Гриша напряженно вглядывается в темноту, эти мысли бегут автоматически, без действенного участия его сознания, которое, словно ударник винтовки под действием пружины, целиком устремлено вперед.

Он вбирает воздух, стискивает зубы. «Пора!» — думает он и тихонько скользит в своих тяжелых сапогах по большому, напоминающему двор, полутемному пространству.

Он стремится туда, к опушке леса, где на рельсах узкоколейки стоят вагонетки. Здесь сложен у колючей изгороди штабель напиленных для завтрашней погрузки досок.

Чтобы ускорить работу, грузчики незадолго до шабаша стали передавать друг другу длинные плоские доски прямо через проволоку.
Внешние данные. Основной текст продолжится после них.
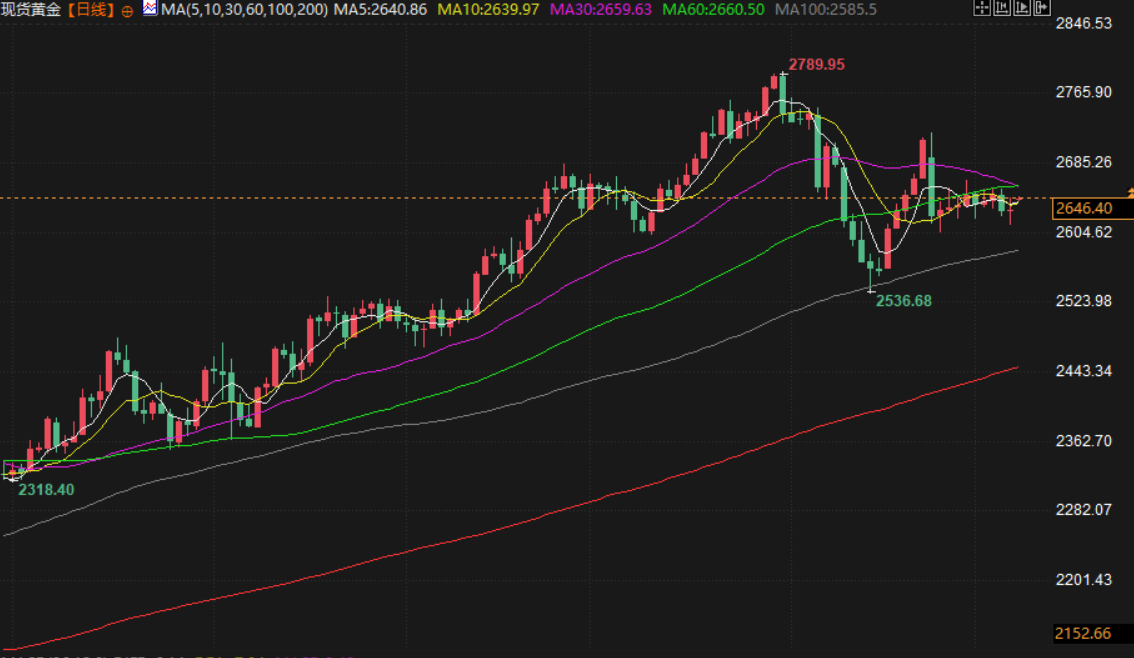 现货黄金交投于微涨,交投于2643.53附近,受益于周末叙利亚局势加剧市场担忧情绪,推升避险买盘,叙利亚总统巴沙尔遭反对派武装推翻,搭机逃离后下落不明,据悉,逃到了俄罗斯;

Таким образом, в этом месте проволочные заграждения оказались прикрыты досками как извне, так и изнутри. Конечно, это убежище могло сохраниться лишь до утра, когда с подвозом новой партии напиленных досок возобновится работа.

Но до тех пор — это ясно — никто сюда не заглянет. Может быть, завтра, когда при распределении работ обнаружится отсутствие военнопленного номер 173 и возбуждение охватит весь лагерь, об этих досках вообще забудут, и они пролежат здесь до заключения мира! Или же, наоборот, строго соблюдая служебный распорядок, ими займутся тотчас же. Кто знает? Но сейчас Гриша, слегка оцарапавшись о проволоку, ныряет в темный закоулок. Он может считать, что его бегство — до завтрашнего утра, до половины восьмого — удалось.

Ветер жалобно стонет, ударяясь о проволоку. Ландштурмист Казмиржак ходит дозором. Все идет своим чередом.

Американцы, думает Казмиржак, еще натворят дьявольски много бед. Известно, какие фортели они умеют выкидывать. Он сам был там, работал, прикопил доллары и в 1912 году вернулся обратно. И, конечно, свалял дурака! Он жил в Истенде, среди евреев, хорошо зарабатывал. Американцы умеют взяться за дело и, раз вцепившись, крепко, как бульдоги, держатся за него. Они понастроили железных дорог, выдумали небоскребы, сделали так, чтобы Ниагара вертела турбины, — им есть чем похвалиться.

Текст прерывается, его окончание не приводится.